Figure 2. Results of 4.5-month-olds tested in Experiment 1a.

Mean of Preference scores at the matching visible speech during baseline and test trials following auditory-only familiarization with either German (green bars on the left, showing preferential looking [%] at the German speaking face during baseline and test trials, respectively) or French (blue bars on the right, showing preferential looking [%] at the French speaking face during baseline and test trials, respectively). Error bars indicate the standard error of the mean.

https://doi.org/10.1371/journal.pone.0089275.g002

Paired two-tailed t-tests indicated that 6-month-olds matched their native speech audio-visually, t(23) = 3.43, p<.01, but not the non-native speech, t(23) = 0.17, n.s. (see Figure 3, Table 1).

Download:

Figure 3. Results of 6-month-olds tested in Experiment 1a.

Mean of Preference scores at the matching visible speech during baseline and test trials following auditory-only familiarization with either German (green bars on the left, showing preferential looking [%] at the German speaking face during baseline and test trials, respectively) or French (blue bars on the right, showing preferential looking [%] at the French speaking face during baseline and test trials, respectively).
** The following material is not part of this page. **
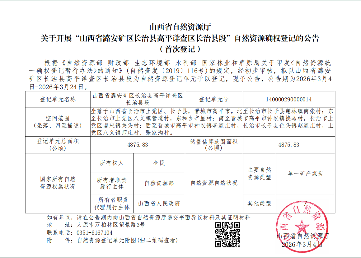 标题山西省自然资源厅关于开展“山西省潞安矿区长治县高平详查区长治县段”自然资源确权登记的公告(首次登记)

Error bars indicate the standard error of the mean.

https://doi.org/10.1371/journal.pone.0089275.g003

The findings of Experiment 1a demonstrated the ability of 4.5-month-old German-learning infants to cross-modally match audio-visual fluent speech of their native (German) as well as their non-native (French) language. Interestingly, 6-month-old infants have been shown to audio-visually match their native language only. It can be concluded that 4.5- and 6-month-olds recognized and matched auditory and visual speech cues in the absence of temporal synchrony, a remarkable ability.

Moreover, because of the fact that 6-month-olds only showed matching for their native language it could be hypothesized that infants’ ability to detect the correspondence between audible and visible fluent speech narrows down to the native language between 4.5 and 6 months of age. Considered that most of the research demonstrated that infants’ perceptual narrowing in the speech domain occurs later [43] this interpretation should be treated cautiously. However, a potential explanation for this early narrowing may be found in the material we used. The stimuli consisted of lively sentences adapted from a children story and were therefore prosodically-rich. Prosodic cues, including rhythm, intonation, phrasing, are among the cues that infants are able to process at birth (given the availability of prosodic information in-utero [44]). Infants may therefore process prosodic cues earlier than other linguistic cues and may therefore show earlier narrowing for prosodic cues. This could explain why we found earlier narrowing for audio-visual stimuli based on lively passages that contain many prosodic cues.

The finding that 4.5- and 6-month-old infants are able to audio-visually match fluent speech contrasts with the results of Lewkowicz and Pons [12], who did not observe matching of auditory and visual fluent speech in 6- to 8-month-olds. As already mentioned, this might be due to methodological differences, such as testing a broad age group or the duration of familiarization trials. In the study of Lewkowicz and Pons [12], both auditory-only familiarization trials lasted 20 seconds, respectively, whereas the present study used 30 seconds per auditory-only familiarization trial. Experiment 1b aimed to investigate this hypothesis by testing whether 6-month-olds would still be able to demonstrate intersensory matching when they are given less time to become auditory-only familiarized with their native speech.

Experiment 1b

The purpose of Experiment 1b was to examine whether decreasing the time of auditory-only familiarization from 30 to 20 seconds affects 6-month-olds’ audio-visual matching of fluent native speech.